C’est dans cette logique en oxymore que Valentine Cadic choisit d’ouvrir La nuit n’en finit plus, court métrage laboratoire aux contours essayistes qui se fond dans le contexte et prend le temps de réfléchir sur ce qu’il raconte et montre. “Le présent est toujours quelque chose qu’on est en train de rater”, disait l’écrivain belge Stefan Hertmans. Devenant sans prétention une trace parmi d’autres de cette période vécue par tous, ce petit bijou de cinéma nous fait la retraverser en pensées, en émotions, en sensations. La jeune réalisatrice y injecte la juste dose d’intime pour permettre l’universel et le faire résonner ainsi en chacun de nous.
Sans voyeurisme aucun, une caméra hésitante glisse le long de grands immeubles et s’arrête sur certaines fenêtres dans lesquelles des silhouettes se dessinent.
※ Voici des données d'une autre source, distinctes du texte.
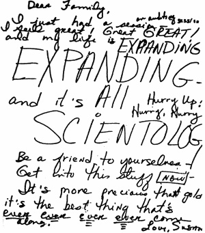 by Scientology-kills.org SCIENTOLOGY -- L. RON HUBBARD'S INCORRIGIBLE BRAINCHILD Susan Meister was introduced to Scientology in San Francisco in the autumn of 1970. By November, she was working at the San Francisco Org. She was an eager convert, and tried to persuade her parents to become Scientologists. She wanted to be close to the "Founder," and contribute to "Clearing the Planet," so in February 1971 she joined the Sea Org. By the end of the month she was aboard the "Flagship" Apollo. Her stay there was brief and tragic. On May 8, she wrote to her mother: Mother, Four days later, Susan Meister wrote this letter: Her last letter to her parents from the Apollo was dated June 1971. In it she thanked them for a birthday card, and a variety of gifts, including a new dress. She continued, showing the effect upon a young and impressionable mind Hubbard's obsession with the "great conspiracy" against him: I can't tell you exactly where we are. We have enemies who are profiring from peoples' ignorance and lack of self-determinism and do not wish to see us succeed in restoring freedom and self- determinism to this planet's people. If these people were to find out where we are located--they would attempt to destroy us. Therefore, we are not allowed to say where this ship is located. She once more urged her mother to read Hubbard's books, and take Scientology courses. Ten days after writing the letter, Susanwas dead. George Meister, Susan's father, was away from his Colorado home on a business trip when Guardian's Office Public Relations man Artie Maren phoned. George Meister met Maren the next day, and was presented with an unsigned "fact sheet" giving the Scientologists' account of events as a series of numbered statements. Meister told Aflie March that he wanted the body to be flown back to the U.S. for burial. Meister received a letter from Bob Thomas at the Church of Scientology in Los Angeles explaining that the "Panamanian" owners of the Apollo were not obliged to give information to the Church of Scientology. However,/he Apollo's captain, Norman Starkey, had offered to pay for a Christian burial in Morocco, but regretted that they would not pay for the body to be returned to the United States. George Meister, dazed by the news, decided to go to Morocco to try and verify the circumstances of his daughter's death. He was told he would be able to see the body in the morgue in Safi. He left for Morocco on July 14. Meister was met at the airport in Casablanca by Sea Org member Peter Warren, who escorted him to the Marhaba Hotel. Meister met the U.S. vice-consul, Jack Galbraith, and explained the purpose of his mission. During this meeting with Gaibraith, Warren phoned to say he would drive Meister the 120 miles to Sail. Warren said the Apollo was already past its scheduled departure date, but would wait a little longer, because of Meister's presence. Meister arranged to leave the following morning at 6:00 a.m., accompanied by Galbraith, Warren and a Sea Org girl called Joni. Their first stop in Sail was the police station. Meister says the police official he spoke to genuinely tried to help. He showed Meister a photograph taken aboard the Apollo, showing the dead girl. According to her father, Susan was "lying on a bunk, wearing the new dress her mother had made for her, her arms crossed with a long barreled revolver on her breast. A bullet hole was in the center of her forehead and blood was running out of the corners of her mouth. I began to wonder how Susan could possibly shoot herself in the center of her forehead with the long barreled revolver. She would have had to hold it with both hands at arms length. There were no powder burns on her forehead, which certainly would have been the case if the gun was against her forehead as it would have to be to shoot herself as the photograph appeared." The police said the revolver was not available for inspection. Meister was shown the police report, but it was in French, which neither he nor Galbraith spoke. Meister was told that the police were unwilling to release copies of either the report or their photographs. Meister and Galbraith went on to the hospital where Susan's body had been taken. During the autopsy her intestines and her brains had been removed. Meister says that Warren admitted that he had given permission, believing that Susan might have been on drugs. Meister asked to see the body, which he had been told was in a refrigerated morgue. To his amazement, he was told by a doctor that they did not know where the body was. The next day, with Warren and Joni still in attendance, they had an audience with the Pasha of Safi. The Pasha told Meister he could not have copies of the police report, or the photographs. He said he had transferred the records to the provincial capital, Marrakesh. When Meister pressed him to find the whereabouts of Susan's body, the Pasha told him the interview was over.Meister asked Warren if he could see Ron Hubbard. He knew that Hubbard's daughter, Diana, was about Susan's age. In Meister's own words: 'Passing the guarded gates into the port compound, we had our first look at Hubbard's ship, Apollo. It appeared to be old, and as we boarded it, the girls manning the deck gave us a hand salute. All were dressed in work type clothing of civilian origin. Most appeared to be young. Upon boarding we were shown the stern of the ship, which was used as a reading room, with several people sitting in chairs reading books. The mention of Susan seemed to meet disapproval from those on board .... We were shown where Susan's quarters were in the stern of the ship below decks where it appeared fifty or so people were sleeping on shelf type bunks. Susan's letter had mentioned she shared a cabin all the way forward with one other person. Next we were shown the cabin next to the pilot house on the bridge where the alleged suicide had taken place. It was a small cabin and appeared to be one where a duty officer might catch some

Leurs visages sont indiscernables, leurs actions illisibles ; elles sont comme autant d’habitants enfermés depuis plusieurs semaines déjà. L’aspect fractionnaire de l’image dans cette recherche vaine de l’altérité disperse plus qu’elle n’assemble, isole plus qu’elle ne lie. Soudain la présence-absence derrière la caméra se dote d’une voix. Le son de la VHS s’adoucit. “En ce moment avec le confinement, il n’y a plus trop de vie la nuit” : conjugué au présent, ce constat rend intemporel ce qui constituait notre quotidien il y a cinq ans maintenant. Ces jours déchirés entre ennui, repos, introspection. Masques, vaccins, télétravail, couvre-feu : un champ lexical qui s’était imposé d’un coup comme dominant. Nous voilà à nouveau plongés dans cette monotonie qui nous enveloppait si nous n’appartenions pas au corps médical. “Je préfère fantasmer en ce moment”, avoue-t-elle quelques secondes plus tard. Un peu comme le prologue d’un livre, Valentine Cadic annonce la couleur de ce qui suivra : une nécessité d’évasion. Mais, comme les pages d’un livre, le médium VHS est fragile, éphémère.
Les politiques et le gouvernement seront désignés par “ils”, feront “ce qu’ils veulent de nous”, nous empêcheront de nous projeter, nous étoufferont. L’identification sera indéniable et donc puissante. La matérialisation d’un souvenir. “J’ai envie de vivre. Malgré le vide de tout ce temps passé, de tout ce temps gâché et de tout ce temps perdu”. Dans cette chronique âpre, Valentine Cadic finit par convoquer l’été et s’inspire de la façon qu’avait Akerman de filmer les femmes chez elles pour brosser en filigrane le portrait des baba yaga, une communauté de femmes installées à quelques mètres de chez elle, qui ont décidé de vieillir ensemble. “Chacune chez soi, mais ensemble”, comme elles se définissent, en analogie avec ce qu’imposait le confinement. En regard du premier plan de ce court métrage, se dessine soudain quelque chose de plus flottant, de plus impalpable. “Dire qu’il y a tant d’êtres sur la terre qui, comme moi, ce soir sont solitaires”. Les paroles de Petula Clark qui résonnaient quelques minutes plus tôt se confondent étrangement avec le propos. De ce conte en mosaïque, de ce collage à proprement parler, émane alors le cri du cœur d’une jeunesse confinée. Et quand la nuit n’en finit plus, il reste la puissance d’évasion par l’imagination. Et cela, personne ne nous l’enlèvera.
Lucile Gautier
Réalisation et scénario : Valentine Cadic Image : Naomi Amarger. Montage : Helio Pu. Son : Mathieu Barbier, Louise Buchart et Matthieu Fraticelli. Interprétation : Sarha Belot, Colly Julie, Fantine Gregorio Colly, Anahita Navaei et Marie Mottet. Production : Les Filmeuses.